Im very happy with the coil. Its a ugly coil so just afraid it will pop snap when i go to long on it


----------



## johan

The longest I've run an ugly coil (0.9 x 0.1 ribbon) with same wick (ceramic) was just over 4 months and it was still good to go.

Reactions: Like 2


----------



## RoSsIkId

Havent touched the naughty mini since I got the Reo.

I think my battery supply is good now. 4 efest 18500 in rotation

Reactions: Like 2


----------



## Silver

RoSsIkId said:


> Havent touched the naughty mini since I got the Reo.
> 
> I think my battery supply is good now. 4 efest 18500 in rotation



Loving your updates @RoSsIkId 
That mini is really special indeed!
Enjoy


----------



## RoSsIkId

Thank you @Silver.

Porsche been taking good care of me. I think I found my Vaping Nirvana.

Still thinking of sanding down the door and making it red. Just dont know if I want to respray or dip it in like carbon red


----------



## Alex

RoSsIkId said:


> Thank you @Silver.
> 
> Porsche been taking good care of me. I think I found my Vaping Nirvana.
> 
> Still thinking of sanding down the door and making it red. Just dont know if I want to respray or dip it in like carbon red



Don't sand it, rather use a paint stripper.


Message sent via tapatalk

Reactions: Agree 2


----------



## RoSsIkId

What i have learned with Porsche. Yes she is a tuff mechanical but you can be gentle with her.

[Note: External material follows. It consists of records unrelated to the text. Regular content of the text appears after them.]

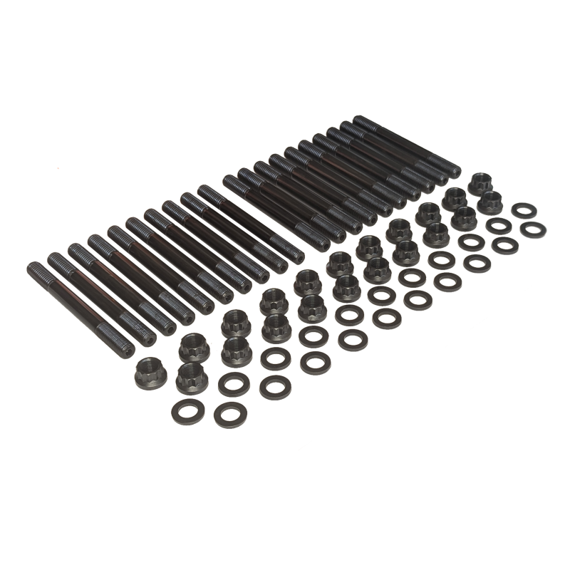 This is currently the only main stud kit designed specifically for the Ford IDI platform. Each kit is compatible with or without a girdle kit, making it ideal for custom engine builds. If you are installing the kit without a girdle, the oil pickup support bracket must be drilled to accommodate the larger main stud diameter. The corrosion-resistant black oxide finish ensures long-lasting protection, even in harsh diesel environments.
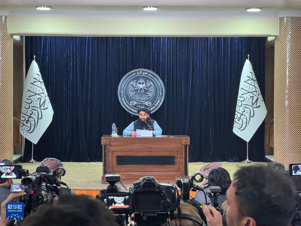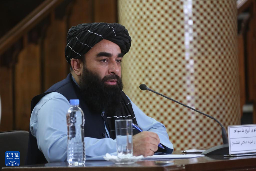 10月12日,阿富汗政府发言人扎比乌拉·穆贾希德在首都喀布尔举行的记者会上发言。
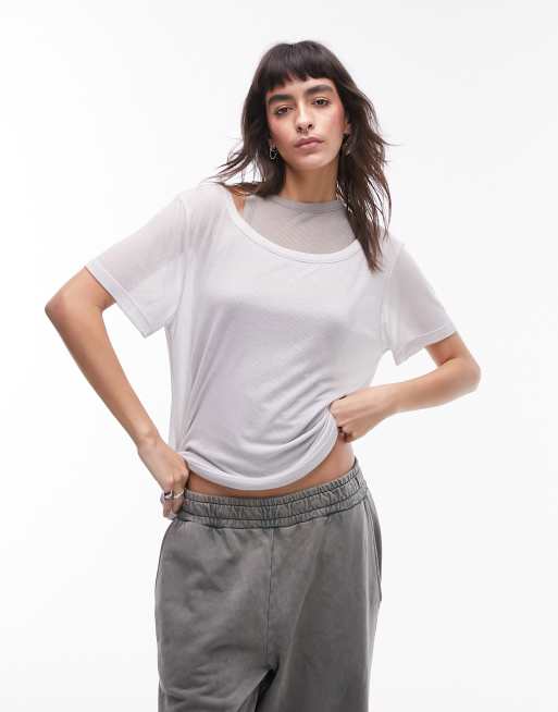 Topshop premium basic sheer double loose fit tee in gray
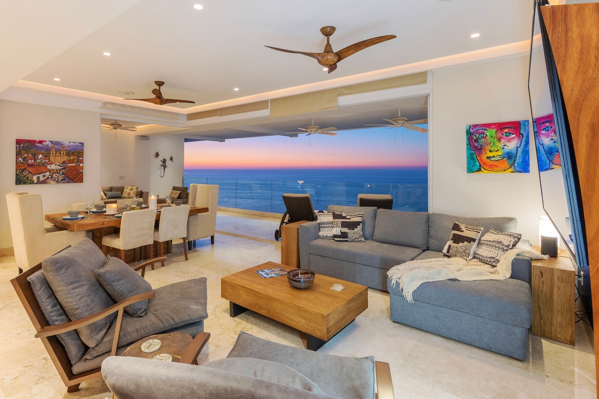 Incredible Oceanfront Location! Designed with you in mind, it is the perfect getaway for two with ocean views from all angles, including the shower! Features include air conditioning, luxurious multi-spray shower, King bed with memory foam topped mattress & sumptuous 100% organic cotton bedding, chic & stylish living room with custom daybed, 43" 4K Smart TV, WI-FI, & Bose sound system, beautiful kitchen and dining area, plus 265 sq ft of private outdoor space steps away from Los Muertos Beach.
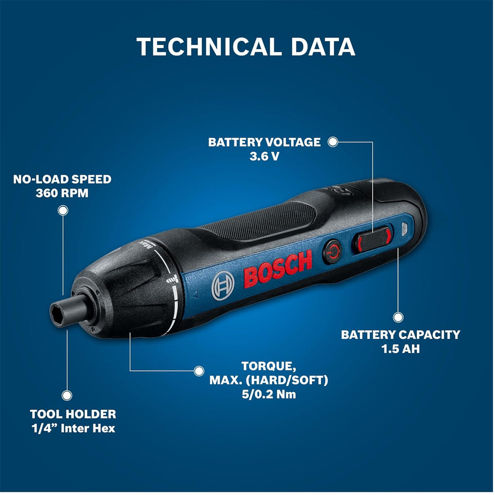 - Torque Selection & No-load Speed: The mechanical clutch features torque settings of 5 Nm (Hard) and 2.5 Nm (Soft), with five adjustable torque levels for versatility, plus a maximum performance mode. BOSCH GO 2.0 Screwdriver offers a no-load speed of 360 RPM catering to various tasks.
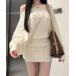 キーワード:ワンピース ショート ミニ丈 タイト ビジュー 長袖 無地

Been over working the firing button to where i can hear the spring go down. So since last night with just doin some mindless vaping i saw that even if i just press down softly on her button she will fire up. No real manly pressure needed to get her fired up. Even with the filling of her juice bottle. Just s firm tightness on the bottle and she wont leak all over the place. Must say squonking works the same. 2 soft pushes to get the juice in the atty. The 3rd hold it in to wet the wick.

Have touched my hana since i got Porsche. I picked it up to see if its still charged

Reactions: Like 2 | Winner 2


----------



## Silver

Yip you are right. Soft button press and not over tightening the bottle is the way to go

Reactions: Agree 1


----------



## Rotten_Bunny

when i got my Morticia i used my Hana every day.


to charge the batteries !

Reactions: Winner 1


----------



## RoSsIkId

Falling into habit now. One battery in Porsche, 2 in backup pouch. One at home.

When i get home i charge the flat ones. So 4 i would say is good.

Reactions: Like 2


----------



## vaalboy

Welcome to Reoville - so glad you are enjoying the experience. 

PS: Almost time to get another one now

Reactions: Like 1 | Agree 1


----------



## RoSsIkId

Its been a week with Porsche.

Decided on what I want to do with the door. Ill paint strip it. Clean it all nice then have to take it to panel beaters to mix up the colour for me. Its called Gaurds Red and only used on the Porsche 911 GT2 RS. I swapped the plastic driptip for a ali one but it got way to hot. So back on the plastic one for now.

Still happy with it. Coil is still in. Re wicked this morning. Wicking getting easy now.

Reactions: Like 3


----------